For the listing below, the answer is an exact retyping of the lines from the one with "A lovely open" through the one with "管理员可以发布、修改和删除系", both included, without pictures.
◆ ◆ ◆ ◆ ◆ ◆ ◆
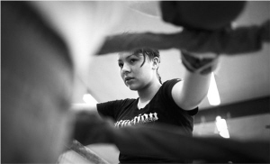 謝莉的19歲生日還差兩周,她的對(duì)手26歲,報(bào)名體重只比她重2公斤,看起來(lái)卻遠(yuǎn)遠(yuǎn)比謝莉壯得多也高得多。霍克看到她脖子上和手臂上還有文身,好像在監(jiān)獄待過(guò)。和電影里伊斯特伍德飾演的教練一樣,霍克信奉的第一信條也是“保護(hù)自己永遠(yuǎn)是第一位的”,于是他找到了拳賽組織者。
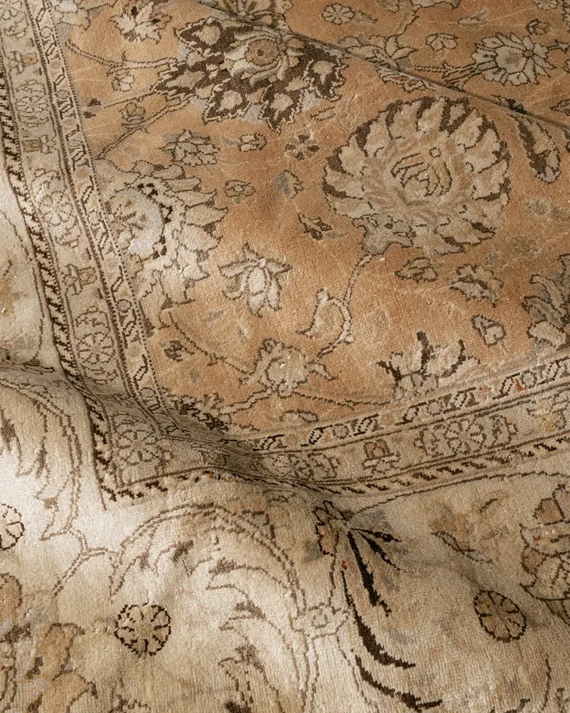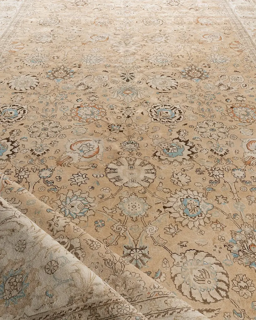 A lovely open field in this 1920's hand woven Persian Tabriz rug.
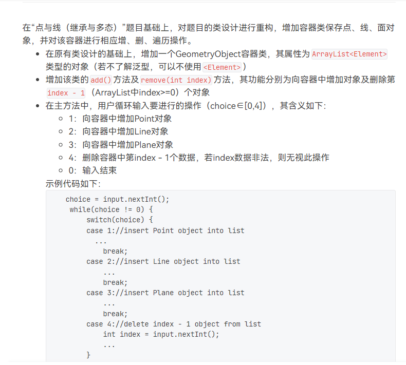 第三题要求新增一个容器类,可以选择增加或删除对象等功能,这题要注意的点便是,在删除这个方法中,删除首先要对链表进行判空,因为节点是从0开始的所删除的时候是index - 1而且在判断范围时要去最后一个节点,不然便会出现错误。
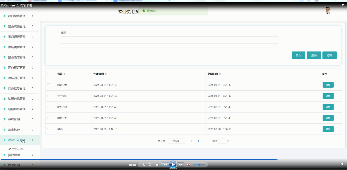 管理员可以发布、修改和删除系统内的通知公告。发布重要信息,确保用户及时获取重要消息。活动公告管理界面如下图所示。
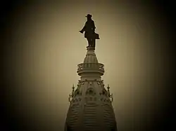 It is located atop the Philadelphia City Hall in Philadelphia, Pennsylvania. It was installed in 1894. It was cast in fourteen sections, and took almost two years to finish.
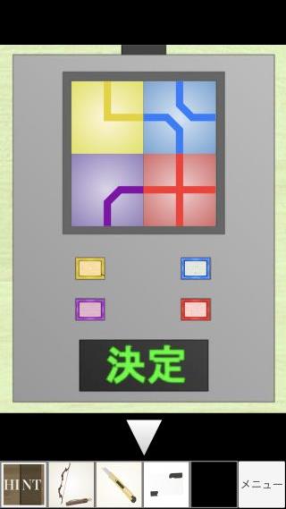 左上に「黄色いチップ」、右上に「青いチップ」、左下に「紫色のチップ」、右下に「赤いチップ」をセットして、クリア。
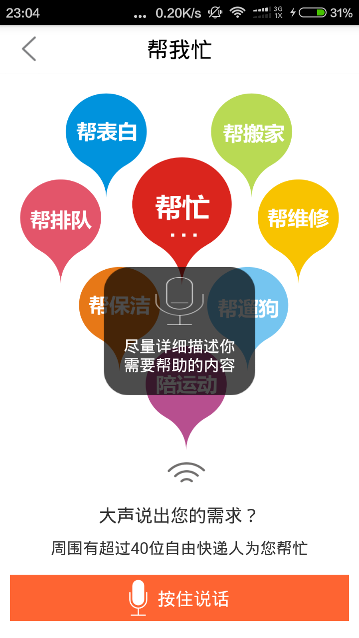 幫買幫送服務(wù):動(dòng)動(dòng)手提供互幫互助的理念,對(duì)于用戶所需的同城特產(chǎn)的代買、幫買、幫送、代送以及其他幫忙以及急件等加急的服務(wù),均可享受動(dòng)動(dòng)手平臺(tái)為您提供的高效、極速、優(yōu)質(zhì)的星級(jí)服務(wù)。
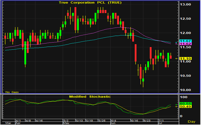 ราคาหุ้น TRUE อ่อนตัวลงในการซื้อขายวานนี้ แต่ยังไม่กลับลงไปต่ำกว่าจุดต่ำสุดของการซื้อขายวันจันทร์บริเวณ 10.8-10.9 บาท หากในระหว่างวันเคลื่อนไหวเหนือแนวรับนี้ แนะนำเปิดสถานะซื้อเก็งกำไร และมีจุดขายตัดขาดทุนอยู่ที่ 10.5 บาท
◆ ◆ ◆ ◆ ◆ ◆ ◆
* _Answer for the task_:
 A lovely open field in this 1920's hand woven Persian Tabriz rug.
 第三题要求新增一个容器类,可以选择增加或删除对象等功能,这题要注意的点便是,在删除这个方法中,删除首先要对链表进行判空,因为节点是从0开始的所删除的时候是index - 1而且在判断范围时要去最后一个节点,不然便会出现错误。
 管理员可以发布、修改和删除系统内的通知公告。发布重要信息,确保用户及时获取重要消息。活动公告管理界面如下图所示。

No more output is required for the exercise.